E’ recente la notizia secondo la quale i 3 principali motori di ricerca, Google, Microsoft e Yahoo, supporteranno le Sitemap.
Per chi non lo sapesse la «Sitemap è una via semplice per un webmaster per informare i motori di ricerca circa le pagine dei propri siti disponibili per l’indicizzazione. Nella sua forma più semplice, un Sitemap è un file XML che elenca gli url di un sito con metadata aggiuntivi per ogni singolo url (quanto è avvenuto l’update, a quale cadenza avviene, quanto è importante la singola pagina nel contesto del sito web), così che i motori di ricerca possano indicizzare più intelligentemente il vostro sito» (via sitemaps.org)

Fino a ieri il nome era legato ad una tecnologia perlopiù ricollegabile a Google, visto che originariamente fu sviluppato da Google e offerto attraverso la licenza Creative Commons.
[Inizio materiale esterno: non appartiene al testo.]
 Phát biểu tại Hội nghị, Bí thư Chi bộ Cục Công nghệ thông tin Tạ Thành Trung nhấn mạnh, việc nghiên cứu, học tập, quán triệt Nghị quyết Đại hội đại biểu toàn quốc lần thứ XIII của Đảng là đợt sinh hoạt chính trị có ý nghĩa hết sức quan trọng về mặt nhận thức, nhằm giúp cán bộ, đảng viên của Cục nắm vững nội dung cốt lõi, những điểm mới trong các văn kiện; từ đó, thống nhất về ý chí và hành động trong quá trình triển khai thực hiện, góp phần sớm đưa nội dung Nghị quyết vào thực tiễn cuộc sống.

La versione 0.90 del protocollo (dichiaratamente distribuito sotto licenza Creative Commons) trova invece una nuova dimensione nella piena implementazione da parte di Yahoo e Microsoft, imponendo così Sitemaps come uno strumento forzatamente da tenere in ferma considerazione.
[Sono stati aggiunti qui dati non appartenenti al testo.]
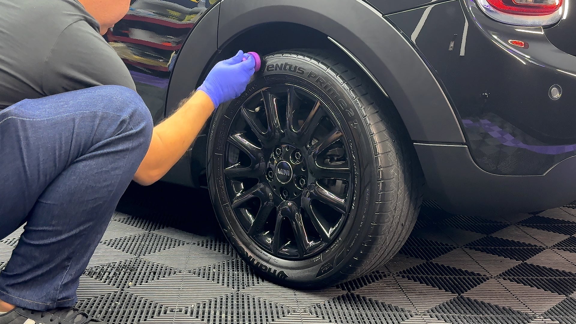 オイルベースの高性能タイヤコーティングにより、OVERcoat Final Touch TIRE は少量で広範囲に使用可能。

L’accordo tra i tre motori, benchè cosa più unica che rara, non stupisce: il protocollo permetterà ai motori di affidare all’utenza una funzione di guida con i suggerimenti relativi ai vari siti web (chi conosce meglio un sito se non il relativo webmaster?) e le maggiorate performance conseguenti permetteranno ai web crawler dei motori di ricerca una maggiore e migliore indicizzazione del www (uno standard auto-determinato dal sicuro impatto sul web, a tutto vantaggio dell’intero sistema).

La piena compatibilità del protocollo con tutti i maggiori motori di ricerca determinerà giocoforza un’accelerazione ulteriore dell’adozione: l’aumento di informazione e strumenti in questo contesto porteranno infatti un maggior numero di siti e webmaster all’utilizzo del Sitemap come allegato fondamentale alla propria presenza online.
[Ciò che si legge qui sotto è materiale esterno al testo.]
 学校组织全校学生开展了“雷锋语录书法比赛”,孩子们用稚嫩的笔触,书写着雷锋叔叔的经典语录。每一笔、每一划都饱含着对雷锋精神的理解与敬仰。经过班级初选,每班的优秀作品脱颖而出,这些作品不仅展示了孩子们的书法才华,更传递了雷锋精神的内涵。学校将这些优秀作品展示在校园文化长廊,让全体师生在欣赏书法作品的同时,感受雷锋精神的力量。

“Ci sono molti siti difficili da analizzare come gli store elettronici o quelli con URL generati dinamicamente. Google Sitemap ci permette di avere a disposizione un feed di tutti gli URL di un sito così da poterci accedere”.

Sitemap semplifica il web, ma non diminuisce, anzi aumenta, le attività di crawling dei siti. La scelta di rendere visibili o meno particolari file, contenuti o fonti di informazione da includere negli indici dei motori di ricerca, ad ogni modo, rimane sempre una prerogativa specifica del file robots.txt.